不知怎的,她感覺到今年的秋天不及去年,不如去年秋天之靜美,也不及去年秋天之明媚,霧霾席捲了城,也吞併了那份可以耀進心房的陽光。
良久後,她拿過手機,翻開了素葉的微信。
還是兩天前發的訊息,沒有最新的更新。是一張藏區孩子的照片,一個小姑娘,頭髮有點凌亂,身上的衣服有點不合身,看得出是穿著支援來的衣服。她摟著素葉的脖子,在素葉的懷裡,只露半張小臉兒小心翼翼地看著鏡頭。
而照片裡的素葉,長髮只是簡單地扎著,穿著樸實,很顯然這個月份藏區已經很冷了,她裹著厚厚的圍巾,低著頭像是在安慰那個小女孩兒。
微信上說,她叫扎西達瓦,我們都習慣叫她達瓦,達瓦在藏語中代表月亮的意思,而扎西,是最常見的祝福語。達瓦今年5歲,她的父母全都死於地震,母親臨死前是用身體護住了達瓦,達瓦才能活下來。達瓦很怕生,又因為這次災難而失去了說話能力,當然,她不是生理性失語,她的發音器官沒有損壞,是患上了自閉症,變得不愛講話。達瓦是我目前負責的五個孩子中唯一的女孩兒。希望她以後能像她的名字一樣,吉祥如意。
葉瀾一遍遍看著素葉發的這條訊息,唯獨能做的就是默默地為她點個贊。因為父母的緣故,她不知道要怎麼面對素葉,那一晚當母親被抓時,她看見了滿目瘡痍的現場,也看見了素葉的當場昏倒,而事後才清楚明白,素葉和年柏彥等人差點喪命全都拜母親所賜。
她現在別說是素葉,就連林要要她都不好意思見了。上班之後,她將時間儘量排滿,事已至此,她能做的就是讓自己充實起來,不能每天頹廢得像個廢人。
不過讓她感到驚愕的是,她原以為再回來上班會遭受主管的冷臉,豈料卻接到了升職通知,她取代了那個主管,做上了鑑定部負責人的位置,這著實讓她不解。
後來,上頭給出解釋,說因為之前她的一份鑑定讓公司避免了一筆不小的損失,升職加薪是老闆的意思。就在她絞盡腦汁打算答謝上司的賞識時,意外地接到了紀東巖的電話。

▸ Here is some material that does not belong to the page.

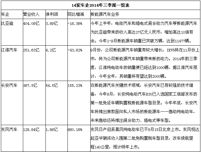 在這14家車企中,除了一汽夏利還沒有新能源汽車產(chǎn)品,其他13家車企都有各自的新能源汽車產(chǎn)品,并且比亞迪、江淮、宇通、金龍等車企的新能源汽車已經(jīng)有很好的銷量。其中,比亞迪今年1-9月新能源車銷量已突破萬(wàn)輛,達(dá)到11477輛。然而在車企的三季報(bào)中,只有比亞迪、宇通等少數(shù)車企提到了新能源汽車業(yè)務(wù),大部分車企只字未提,這說(shuō)明新能源汽車還沒有給這些車企帶來(lái)盈利。
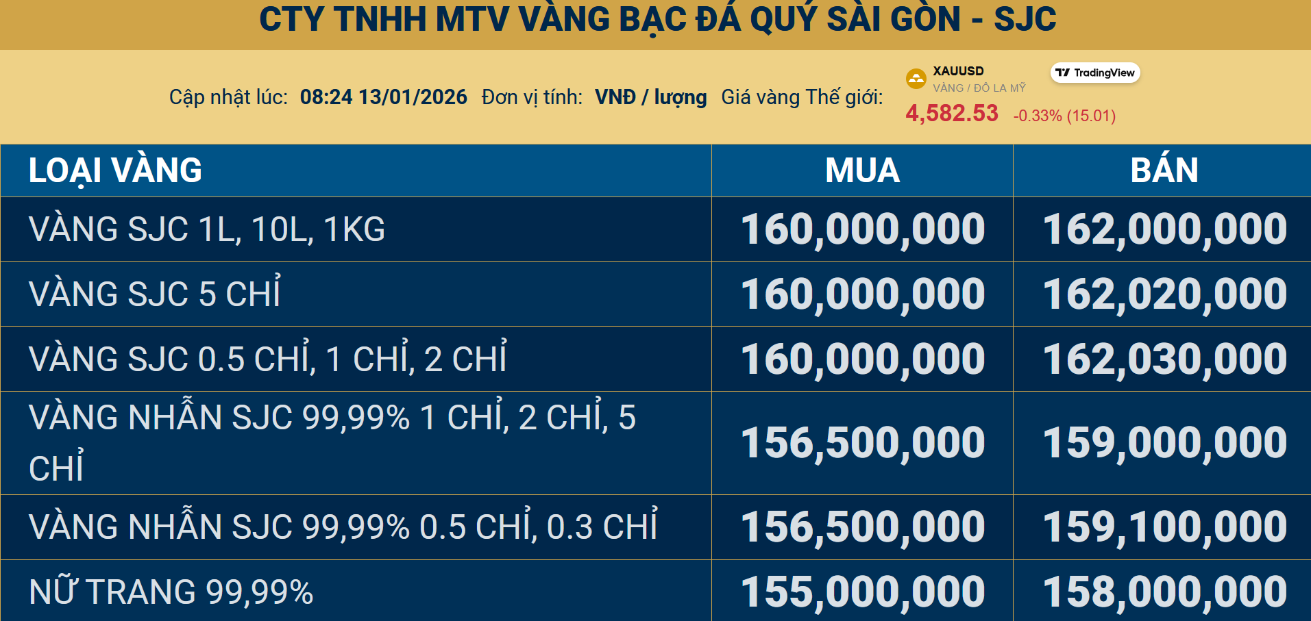Mua vào 156,5 – bán ra 159 triệu đồng/lượng

她跟紀東巖壓根就沒有交往,說話的次數都屈指可數,所以接到他打來的電話多少讓她覺得奇怪。紀東巖開門見山,說葉淵變賣了自己的股份,但葉家股份他還是想要葉家人繼續持有,所以打算調整葉瀾手中的僅少一部分股份,讓她近日便可以來簽約了。
葉瀾想了想說,還是將股份留給素葉吧。
紀東巖勸說她,別枉費了你姐夫的一番心意。
葉瀾這才知道原來是年柏彥從中牽線,便又打給了年柏彥,先是表示感謝,然後說自己無法接受這份好意。
年柏彥語氣清淡,言辭有理有據,跟她說,一個女孩子有錢傍身總是好的。並且建議她股份提升後,她可以拿著錢到處旅行散散心,想做什麼,等心情好了之後再說。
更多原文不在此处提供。